The protesters marched to the parliament building in a move to keep up pressure on President Viktor Yanukovich to relinquish some of his presidential powers.
 
But when they were blocked by a line of trucks about 100 meters short of the building, the protesters hurled stones at police, a Reuters witness said, and petrol bombs set two trucks ablaze.
 
Police replied by firing stun and smoke grenades from trucks and from the tops of buildings to try to break up the crowd.
 
Ukrainian television said five protesters had been hurt in the clashes.

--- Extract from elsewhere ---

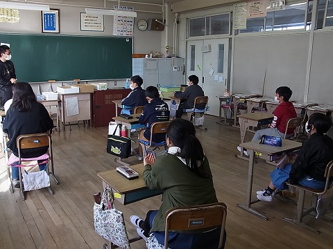 本校は、学区を3つに分け、1/3ずつ通学班登校しています。よって、下の写真のような教室になります。

The report could not immediately be confirmed.
 
Inside parliament, opposition leaders brought proceedings to a halt by blocking the speaker's tribune and insisting that deputies discuss their call for constitutional changes that would curb Yanukovich's powers.
 
Yanukovich has been battling an opposition-led street revolt since he walked away from a trade pact with the European Union in November and opted instead for forging closer economic ties with Russia, Ukraine's Soviet-era master.
 
Opposition leaders are pressing him to accept curbs on his powers that would allow them to form an independent government to end the street unrest, now in its third month, and to save the economy from collapse.
 
Russian aid
 
Yanukovich, who must soon name his choice for a new prime minister, got a boost on Monday when Moscow said it would give Kiev a fresh cash injection this week of $2 billion – part of a $15 billion aid package to shore up a heavily indebted economy.
 
News of the fresh credit from Russia failed to have an immediate effect on the currency market and the troubled Ukrainian hryvnia fell by up to 1.6 percent against the dollar in early Tuesday trade, Reuters trading system showed.
 
In what has become a geo-political tussle redolent of the Cold War, the United States and its Western allies are urging Yanukovich to turn back to Europe and the prospect of an IMF-supported recovery, while Russia accuses them of meddling.
 
Thousands of protesters have turned Kiev city center into a fortified camp, surrounded by barricades of tires, sandbags and barbed wire. They say they will not withdraw until Yanukovich has made real concessions.
 
At least six people have died in the unrest, though there had been no violent clashes between radicals and riot police for more than three weeks.
 
"We announced that we wanted to hold a peaceful march but they (the police) are stopping us. The authorities on the one hand are saying they want obstacles removed from the center but now they are stopping people going to parliament," said one protester, Yury Lutsenko.
 
"In circumstances like that, clashes are inevitable."